From: tip-bot for Aravind Gopalakrishnan
Date: Tue May 03 2016 - 03:48:27 EST


Commit-ID: 10001d91aa0efc793952051f9070a569cc388ebc
Gitweb: http://git.kernel.org/tip/10001d91aa0efc793952051f9070a569cc388ebc
Author: Aravind Gopalakrishnan <Aravind.Gopalakrishnan@xxxxxxx>
AuthorDate: Sat, 30 Apr 2016 14:33:51 +0200
Committer: Ingo Molnar <mingo@xxxxxxxxxx>
CommitDate: Tue, 3 May 2016 08:24:15 +0200

x86/mce: Log MCEs after a warm rest on AMD, Fam17h and later

For Fam17h, we want to report errors that persist across reboots. Error
persistence is dependent on HW and no BIOS currently fiddles with values
here.
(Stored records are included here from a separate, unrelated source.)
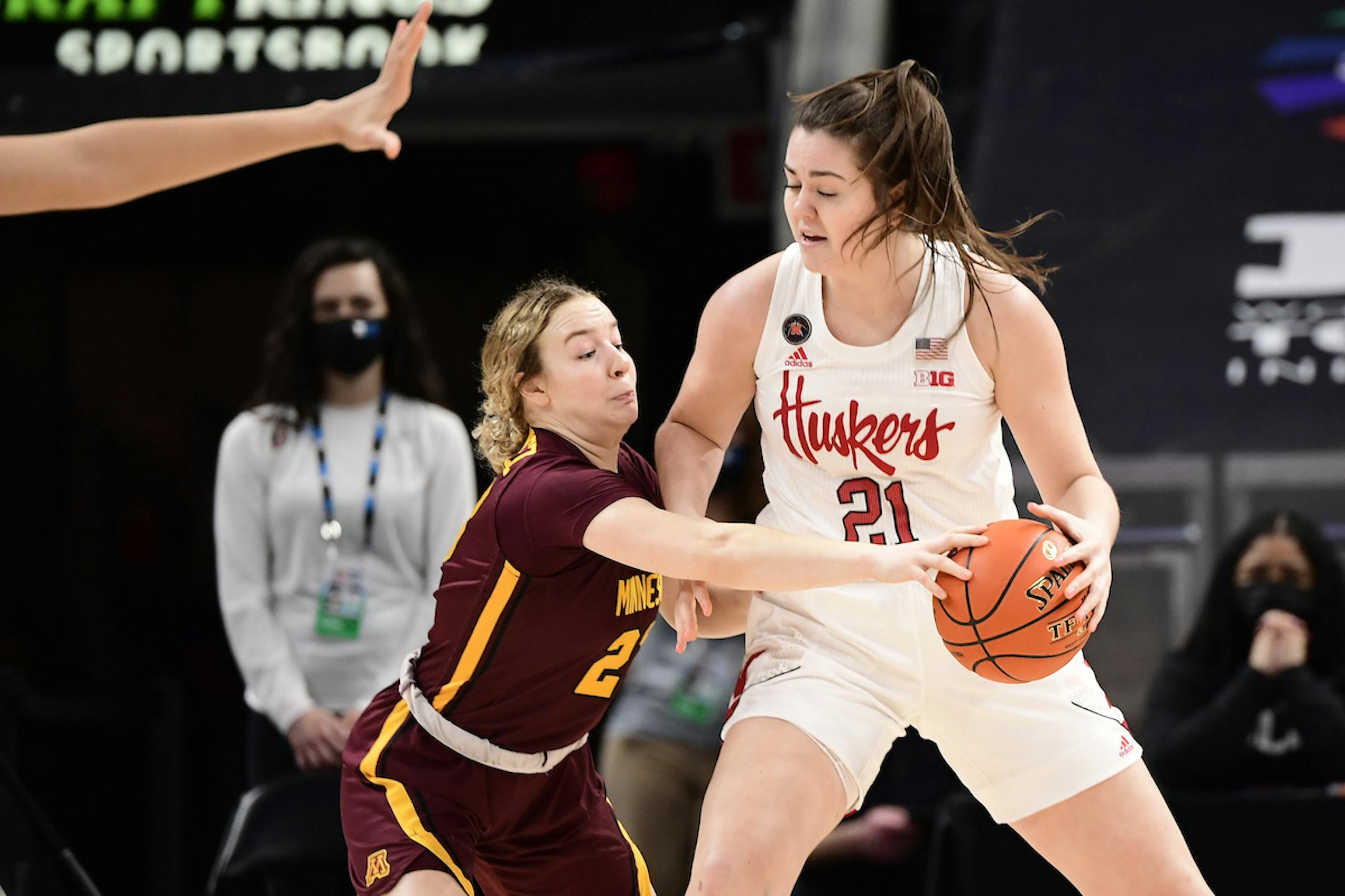 Freshman guard Katie Borowicz, in her first college start, and senior Gadiva Hubbard led the Gophers with 12 points each. Borowicz, of Roseau, finished with career highs in points and minutes (37). Another player from northern Minnesota — Nebraska guard Sam Haiby of Moorhead — scored a game-high 19 points and added eight rebounds.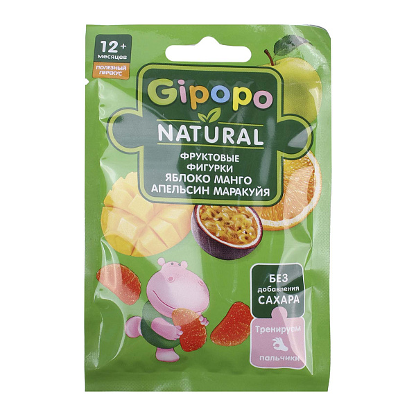 Фруктовые фигурки Gipopo — это натуральный перекус для детей от 1 года. В упаковке представлены фигурки из яблока, манго, апельсина и маракуйи. Каждая фигурка — это маленький витаминный заряд, придающий сил и энергии.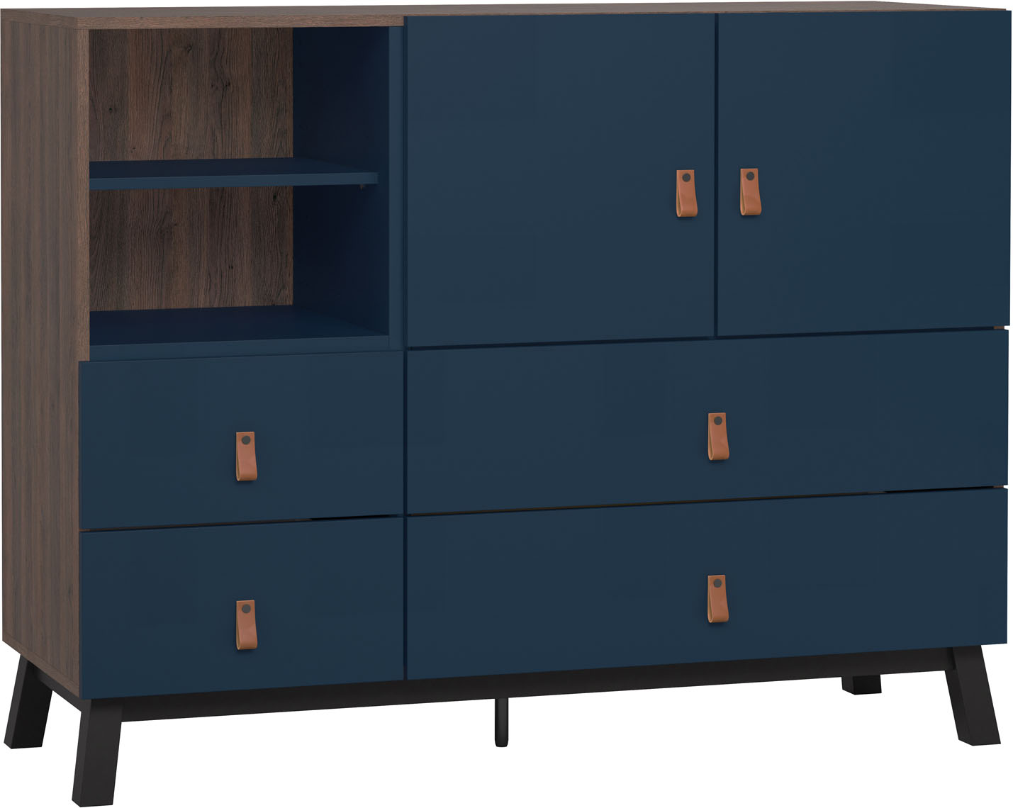 - Do komody możesz wstawić różnej wielkości drzwi, fronty szklane, półki lub szuflady. Alternatywnie pozostaw otwarte przestrzenie, by bez problemu pomieścić większe przedmioty.

So allow reporting of errors upon boot until something goes wrong.

Logging is disabled on older families because BIOS didn't clear the MCA
banks after a cold reset.

Signed-off-by: Aravind Gopalakrishnan <Aravind.Gopalakrishnan@xxxxxxx>
Signed-off-by: Yazen Ghannam <Yazen.Ghannam@xxxxxxx>
Signed-off-by: Borislav Petkov <bp@xxxxxxx>
Cc: Andy Lutomirski <luto@xxxxxxxxxxxxxx>
Cc: Aravind Gopalakrishnan <aravindksg.lkml@xxxxxxxxx>
Cc: Borislav Petkov <bp@xxxxxxxxx>
Cc: Brian Gerst <brgerst@xxxxxxxxx>
Cc: Denys Vlasenko <dvlasenk@xxxxxxxxxx>
Cc: H. Peter Anvin <hpa@xxxxxxxxx>
Cc: Linus Torvalds <torvalds@xxxxxxxxxxxxxxxxxxxx>
Cc: Peter Zijlstra <peterz@xxxxxxxxxxxxx>
Cc: Thomas Gleixner <tglx@xxxxxxxxxxxxx>
Cc: Tony Luck <tony.luck@xxxxxxxxx>
Cc: linux-edac <linux-edac@xxxxxxxxxxxxxxx>
Link: http://lkml.kernel.org/r/1459886686-13977-2-git-send-email-Yazen.Ghannam@xxxxxxx
Link: http://lkml.kernel.org/r/1462019637-16474-2-git-send-email-bp@xxxxxxxxx
Signed-off-by: Ingo Molnar <mingo@xxxxxxxxxx>
---
arch/x86/kernel/cpu/mcheck/mce.c | 2 +-
1 file changed, 1 insertion(+), 1 deletion(-)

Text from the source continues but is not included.